Transcribe all the lines below exactly. Omit the pictures.

### PROVIDED DATA
· · · · · · ·
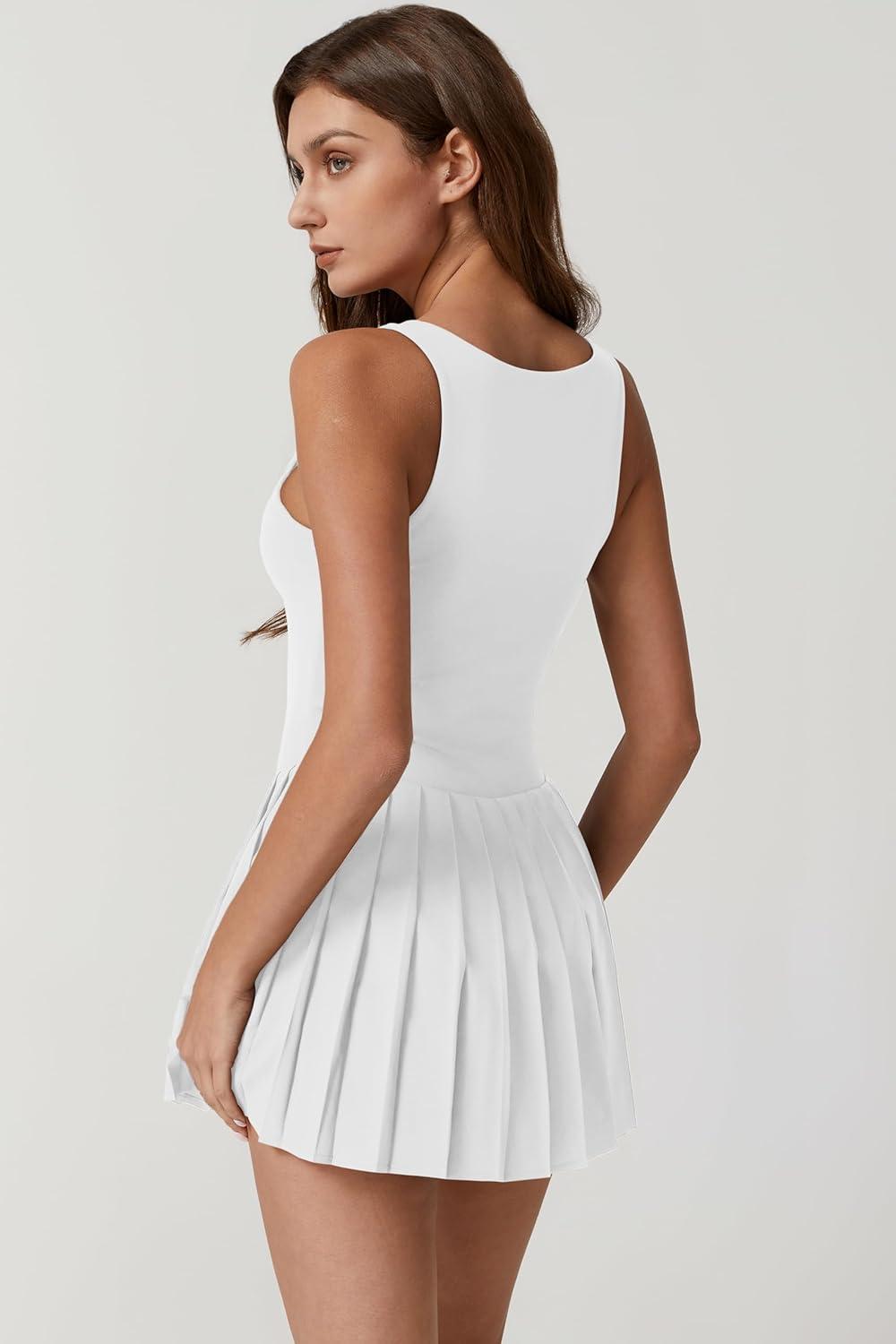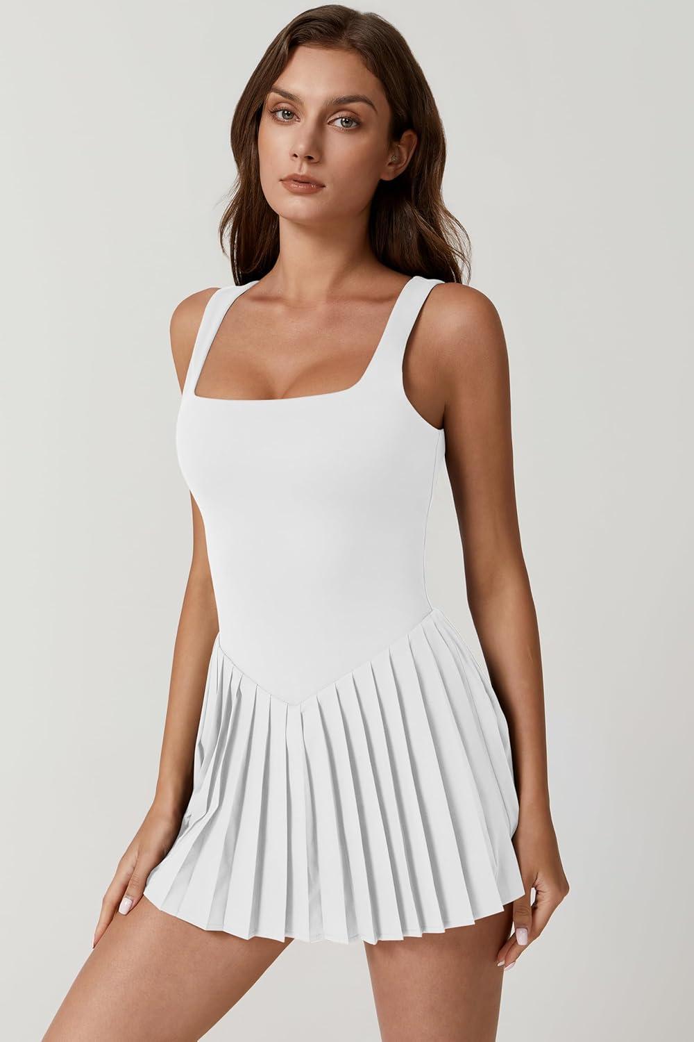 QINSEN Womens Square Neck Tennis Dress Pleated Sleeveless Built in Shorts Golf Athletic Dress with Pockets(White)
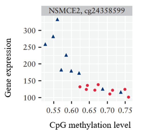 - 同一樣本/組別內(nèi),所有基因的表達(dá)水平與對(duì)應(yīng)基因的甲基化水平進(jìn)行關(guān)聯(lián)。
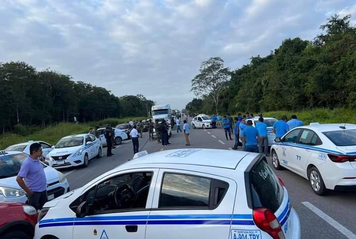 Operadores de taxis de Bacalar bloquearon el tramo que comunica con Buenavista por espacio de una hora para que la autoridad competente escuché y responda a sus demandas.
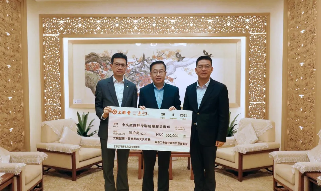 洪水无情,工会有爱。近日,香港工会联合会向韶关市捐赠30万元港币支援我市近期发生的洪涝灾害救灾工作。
· · · · · · ·
### RESULT
 QINSEN Womens Square Neck Tennis Dress Pleated Sleeveless Built in Shorts Golf Athletic Dress with Pockets(White)
 - 同一樣本/組別內(nèi),所有基因的表達(dá)水平與對(duì)應(yīng)基因的甲基化水平進(jìn)行關(guān)聯(lián)。
 Operadores de taxis de Bacalar bloquearon el tramo que comunica con Buenavista por espacio de una hora para que la autoridad competente escuché y responda a sus demandas.
 洪水无情,工会有爱。近日,香港工会联合会向韶关市捐赠30万元港币支援我市近期发生的洪涝灾害救灾工作。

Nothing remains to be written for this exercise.